# External meter bridge?



## jkowtko (Jul 14, 2008)

After three days I'm really liking the Soundcraft LX7 I just purchased for the theater. The art-deco buttons and pot knobs have really grown on me, and the response of the controls is very smooth overall. 

However, the lack of a meter bridge is killing me, and I'm really surprised that there are so few low-end boards with meter bridges.

Question -- does anyone know of an external meter bridge that I can buy, or build with parts, that would plug into the channel direct outs?

Currently I have a bunch of Behringer MDX4600s plugged in for compression, and the input meter on those servers as a makeshift meter bridge, but the placement and orientation of the MDX4600s and their meters makes it difficult to use them for true metering purposes. It would be great to find something I could mount directly above the board channel inputs.

Any help here would be much appreciated.

Thanks. John


----------



## mixmaster (Jul 14, 2008)

I've got a couple LED meters around here somewhere, I just took them out of one of the house racks. They were measuring output to the amp rack. I suppose you could use 24 of them. If I can find them again I'll reply to this and let you know what they were.
Are you sure you want to use the direct outs though. It's been a while since I've used that board but I thought the D.O. were post fade?


----------



## jkowtko (Jul 14, 2008)

Only channels 1-16 have DOs ... but there's a Pre/Post switch on them all 

Yes, please send me the info on the LEDs if you find them. I can make a 16 channel meter bridge.

Thanks. John


----------



## mixmaster (Jul 15, 2008)

jkowtko said:


> Only channels 1-16 have DOs ... but there's a Pre/Post switch on them all
> 
> Yes, please send me the info on the LEDs if you find them. I can make a 16 channel meter bridge.
> 
> Thanks. John



Surprisingly enough I found them! I cleaned out the boneyard this AM and actually put stuff away. Anyhow, What I took out of my rack is an RDL RU-SM16. They are two channel, 16 led meters that can be mounted 3 to a frame (total of six meters) to fit in a single rack space.
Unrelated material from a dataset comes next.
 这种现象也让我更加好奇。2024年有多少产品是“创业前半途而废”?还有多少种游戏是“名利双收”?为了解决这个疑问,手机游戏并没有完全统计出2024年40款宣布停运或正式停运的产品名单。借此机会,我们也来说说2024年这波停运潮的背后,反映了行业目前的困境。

However after checking the RDL website, these are 200kohm devices, and may not work for your application. I don't know what the output specs are on the DO for your LX7. Everywhere we use them, it's a fairly hot line level. Check them out here:
- RU-SM16 Dual Audio Meter - Average/Peak/Hold

If this won't work, I'd continue to look for other ideas on the RDL site. They have a lot of little solution boxes and I've found all of their stuff to be good quality, if slightly expensive. Best of luck


----------



## jkowtko (Jul 15, 2008)

The LX7 has 75 ohm DOs, so that should be fine.
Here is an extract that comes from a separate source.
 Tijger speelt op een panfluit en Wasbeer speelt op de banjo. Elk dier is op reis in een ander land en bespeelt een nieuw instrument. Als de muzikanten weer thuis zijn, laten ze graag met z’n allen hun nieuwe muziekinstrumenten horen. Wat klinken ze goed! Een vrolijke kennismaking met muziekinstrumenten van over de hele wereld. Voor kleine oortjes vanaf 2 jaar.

I don't want to rack mount these -- I already have the MDX4600s sitting in the rack. I wanted to create an home-built meter bridge to mount just above the input channels and position each LED bank above it's corresponding channel. If I turn these on side they should be narrow enough (1.75" per two channels) to fit within the board's channel width.

However -- I just looked at pricing -- these are very expensive ... $200/unit, that's $100/channel! Might as well go buy a Spirit Live 8 ... I'm looking for something for about $2/channel, that I can solder my own wires on, etc 

Thanks. John


----------



## mixmaster (Jul 16, 2008)

RDL is not cheap, that's for certain.
If what you want is component level, I usually find Mouser to be a pretty reasonable place to start, but I warn you, their website is a bit awkward.


----------



## jkowtko (Jul 18, 2008)

Here's what I'm thinking of ...

10-LED Bargraph Meter PCB adjustable levels, multi-use - eBay (item 330198026902 end time Aug-10-08 12:55:26 PDT)

however this particular unit is just a bit wider than the channel strip on the LX7, so if you know of any others like this please post the information.

Thanks. John


----------



## waynehoskins (Jul 19, 2008)

It doesn't have a 4-bar meter right at the fader? Those things ("idiot lights") grow on you fast. I wonder sometimes how I lived without them for so long.


----------



## jkowtko (Jul 19, 2008)

Allen & Heath boards have the 4-segment LED. GL2200, GL2400 and up. Those are higher on my list than the Soundcraft LX7, but they're a lot more expensive, even used. And even 4 segments still does not provide as much feedback to the user as a full 12 segment bargraph (-20, 0, +6, peak) since a lot of my monitoring happens between the -20 and 0 range.

Then some boards have a signal and peak (2 LEDs), and most of the lower-end boards just have a peak indicator.

The LX7 appears to be the entry level for Soundcraft's medium level format, and looking at their price structure and the GB line and how it compares to A&H, it looks like they had to keep a lot of features out of the Live4/LX7 series to keep it clearly distinguished from the Live8 and GB line, in order to prevent cannibalism. Unfortunately, that's a standard marketing strategy ... offer a full line of products but clearly distinguish between them on cost and features so you don't overpack the lower-end models and lose sales on the upper end.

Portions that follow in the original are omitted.